From The Yellow House

1 loaf thick country-style bread, sliced
2 tablespoons unsalted butter
1 medium yellow onion, roughly chopped
2 cloves garlic, minced
28 ounces canned, peeled whole tomatoes and their liquid (or blanched, peeled whole tomatoes)
8 ounces canned tomato purée
Kosher salt
Ground black pepper
A handful of flat-leaf Italian parsley, roughly chopped
Parmigiano or asiago, shaved

Directions:

Toast the bread and set aside, covering with a clean dish towel. It’s okay if it cools a bit.

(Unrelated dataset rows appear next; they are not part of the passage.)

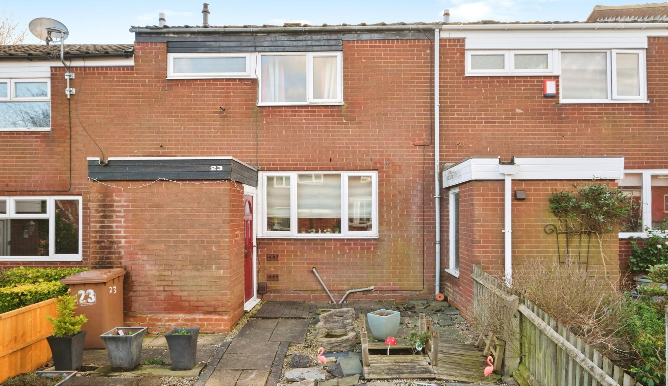
Austin Croft, Birmingham B36 9JJ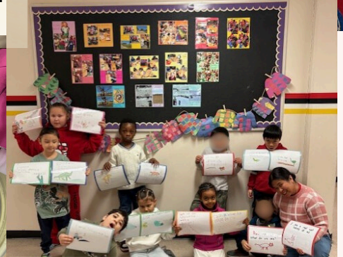
Room 18 has been creating books. They made books about Apples, Peace, Kwanzaa, and a book modeled after "Brown Bear, Brown Bear, What do you see?".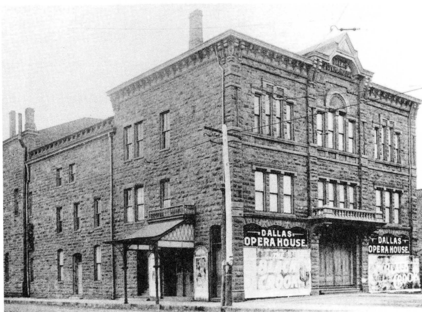
Figure 2 - ca. 1895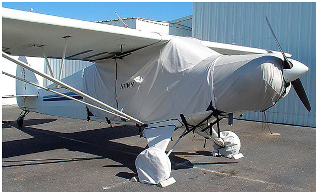
Piper PA-12 Extended Canopy, Engine & Landing Gear Covers

This cover type is made from Silver Acrylic Sunbrella canvas and is 100% lined with a soft and smooth microfiber. Bruce's Custom Covers developed this material combination especially for aircraft protection. The outer material is medium weight and treated for water resistance, UV resistance and anti-static buildup. The inner lining is a very soft and smooth microfiber to prevent scratching. The material is very reflective, and tests show that the cabin interior temperature can be reduced to near-ambient temperature on the hottest of days. It is water, ice and snow repellent, yet breathable to allow moisture to escape from between the cover and the aircraft surface.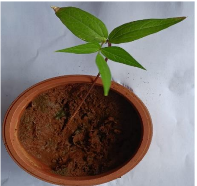
15 Grams of Zinc fertilizer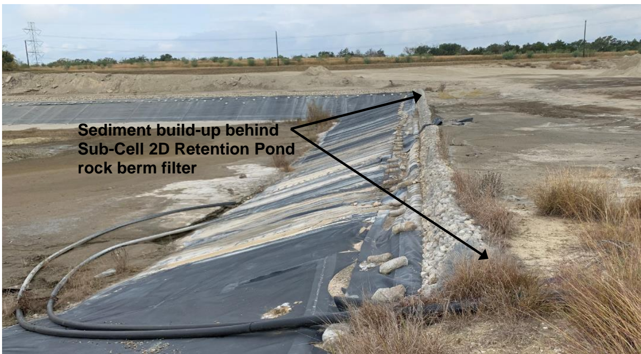
PHOTO 2 – View of excessive sediment build-up behind rock berm filter (11-13-2020)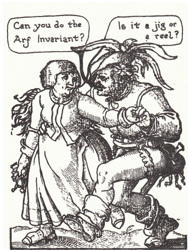
Drawing by Carolyn Snaith 1981 London, Ontario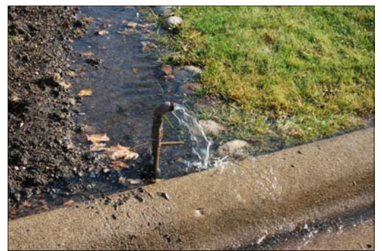
Above: Draining irrigation pipes Below: Flushing irrigation pipes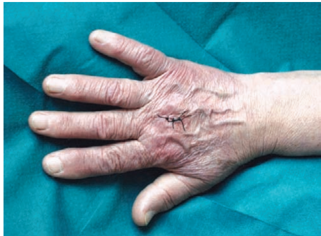
Figure 4. Illustrative example of a patient with acrodermatitis chronica atrophicans. The picture is a generous gift from Dr. Franc Strle (University Medical Center, Ljubljana, Slovenia).

1. Available data indicate that acrodermatitis chronica atrophicans may be treated with a 21-day course of the same antibiotics (doxycycline [B-II], amoxicillin [B-II], or cefuroxime axetil [B-III]) used to treat patients with erythema migrans (tables 2 and 3). A controlled study is warranted to compare oral with parenteral antibiotic therapy for the treatment of acrodermatitis chronica atrophicans.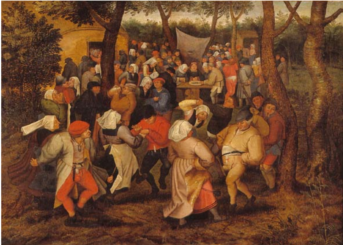
5. A country wedding by Pieter Brueghel the Younger (NK 2227). See recommendation RC 1.101.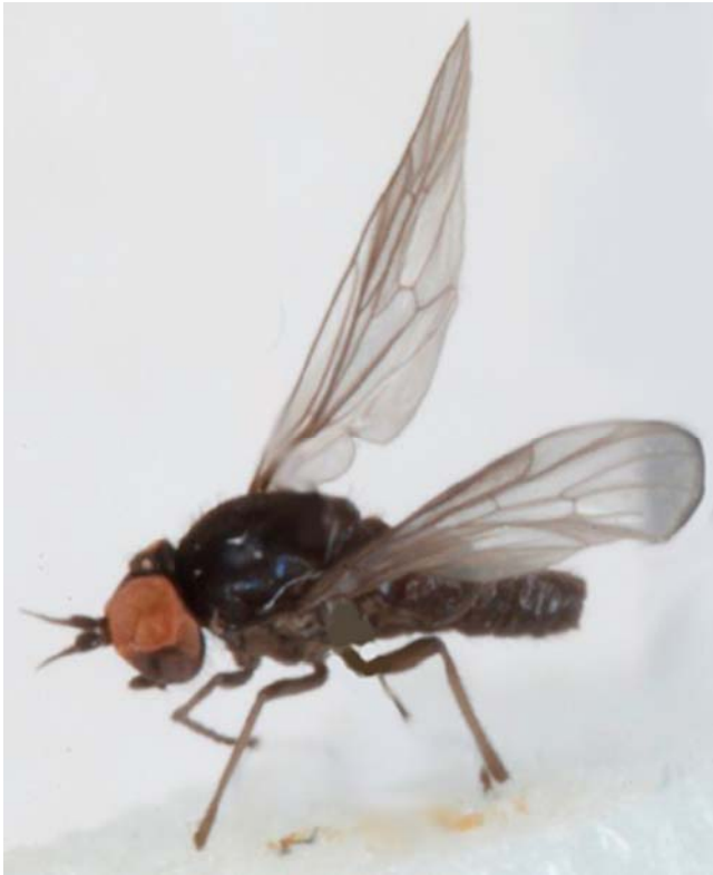
Figure 8. Spania nigra adult, a species with a larval bryophyte dweller in Sussex.

This family does not seem to be reported as a moss dweller, but it does occasionally live among mosses in the Appalachian Mountain, USA, streams (Glime 1968). I was able to identify Hydrophorus larvae (Figure 9-Figure 10) in these collections. But it is also possible that they fell in or got swept in by flooding.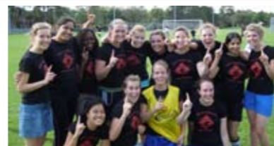
Women's sport is on a roll this year at RMC, having clinically disposed of DLC in both cricket and soccer so far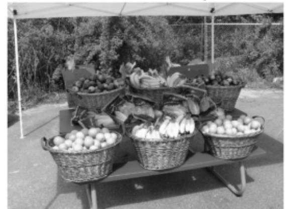
Fresh fruits and vegetables are distributed weekly at four Mobile Markets on Cape Ann: Riverdale, Willowood, Kitefield Road, and Pathways for Children. New site in 2009.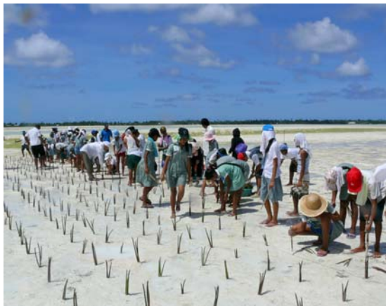
ISME mangrove plantation with school children to form coastal defense in Kiribati

In a thick-bottomed, oven-proof pan or Dutch oven, melt the butter. Sauté the onion over medium heat until translucent and aromatic, about 5-7 minutes. Add the garlic and cook, stirring, for 1-2 minutes. Do not allow the garlic to brown.

Add both the whole tomatoes and the tomato purée, stirring and using a wooden spoon to break up the tomatoes. Bring the mixture to a boil and reduce to a simmer, allowing excess liquid to boil off and the sauce to thicken, about 10 minutes. Stir occasionally.

Taste the sauce and season with salt and pepper. Is the sauce too acidic, too sweet? Adjust as needed—sometimes it needs a pinch of brown sugar, a splash of red wine vinegar, or a dash of red pepper flakes.

Keeping the sauce at a low simmer, start the broiler on high. Using the back of your wooden spoon, make small wells in the sauce and gently crack one egg into the well. The sauce should still be on the stovetop simmering, so the eggs should start cooking immediately. When all the eggs are situated in the sauce, turn off the range and slide the pan under the broiler.

Broil, keeping a close eye on the eggs, until the whites are set and yolks have reached the desired doneness.

Place slices of bread on plates, and scoop eggs and sauce on top. Sprinkle liberally with parsley and top with cheese. Serve immediately with more black pepper.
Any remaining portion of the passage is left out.